The remainder of this paper is structured as follows: Section 2
introduces the basic strategies of the new approach. In Section
3, spatial components are introduced to set algebra to form a
spatial algebra for spatial relations. In Section 4, Voronoi
regions are employed to make this spatial algebra more
generalised. Section 5 and Section 6 examine possible spatial
relations described and distinguished by this spatial algebra.
Some conclusions are made in Section 7.
2. THE STRATEGIES USED IN THIS STUDY
In order to develop an appropriate strategy of study, a critical
examination of existing models seems appropriate.
As mentioned in the previous section, in the
decomposition-based approach, a spatial object is
decomposed into several topological components such as the
interior and boundary. The interaction between these
components of objects determines the relations between
spatial objects. Most of existing models are based on point-set
topology. The typical examples are the 4-intersection model by
Egenhofer and Franzona (1991) and its extension to
9-intersection model (Egenhofer and Herring 1991). However,
there are some imperfections associated with this model
(Clementini et al. 1993, Molenaar et al. 1994, Chen et al. 2001).
For example, 9-intersection model results in too many relations
for humans to use and the list of cases resulting from this
approach is not directly related to the users' interpretation of
topological facts (Clementini et al. 1993, 1995). More seriously,
the use of complement as exterior in the 9-intersection model
makes the three components linearly dependent (Li et al. 2000,
Chen et al. 2001).
Now let's turn to the whole-based approaches. The
whole-based approach directly uses spatial objects instead of
their components for the description of spatial relations, thus
the problems associated with decomposition-based approach
can be avoided. However, it is not sufficient to consider only
objects themselves for distinguishing spatial relations
(Egenhofer et al. 1993). Indeed, many relations cannot be
distinguished if only the objects themselves are used.
As a consequence of these reasons, in this study, the
whole-based approach will be used as a basis. In order to
overcome the shortcomings with the whole-based approach,
an additional parameter should be introduced and this
parameter must be insensitive to the dimensionality of space.
On the hand, it must be closely related to the object as so to
have functions similar to those of boundary and exterior. As a
result, the Voronoi region of an object is selected, because
Voronoi regions have many good properties (Gold 1992, Li et al.
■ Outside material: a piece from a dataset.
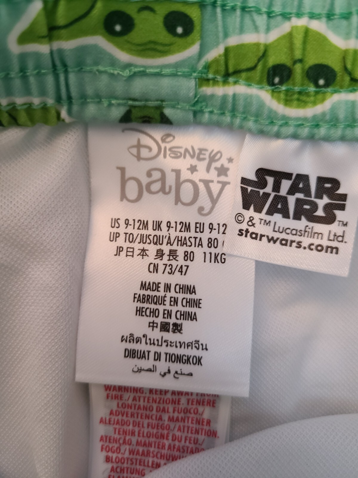 как выглядит Star Wars Grogu Baby Yoda Mandalorian Swim Shorts 9-12M UPF 50 Disney Baby New фото

1999). [A Voronoi region (or Thiessen polygon) for a point is
the locus of points closer to that point than to any other given
one].
Another observation arising from the analysis of existing
literature is that only the ‘intersection’ operator out of the many
Set operators are in use. This is perhaps the most expensive
one in terms of computation. There is no reason why other
operators cannot be used. Therefore, it is attempted to explore
the full range of set operators to constitute a spatial algebra for
the spatial relations.
In summary, the basic strategies adopted here are:
(1)
(2)
a spatial object is treated in a whole;
Voronoi region of an object is employed to enhance
its interconnection with neighbours;
appropriate operators from set operators are
utilised to distinguish the spatial relations between
neighbouring spatial objects; and
several types of values are used for the
computational results of set operations, e.g. content,
dimension and number of connected components
and so on.
3. SPATIAL ALGEBRA FOR SPATIAL RELATIONS: AN
INTEGRATION
In the previous section, the basic strategies employed in this
study are outlined. From this section on, the development of
spatial algebra using such strategies will be described. In this
section, a number of set operators will be employed and spatial
concepts are embedded into the algebra.
3.1 Set operators for spatial relations
Spatial objects are often regarded as sets in space in the
context of GIS. This is very important as it means that objects
can be manipulated by ordinary set operators: union,
intersection, set difference and symmetrical difference and so
on. At the same time, spatial relations can be considered as
the result for handling these "sets". In fact, the theory of sets is
the basis of the description and determination of spatial
relations, especially, topological relations can be regarded as
detailed relations between sets (Worboys, 1995). Figure 1
illustrates working principles of set operators, using line and
area objects as examples.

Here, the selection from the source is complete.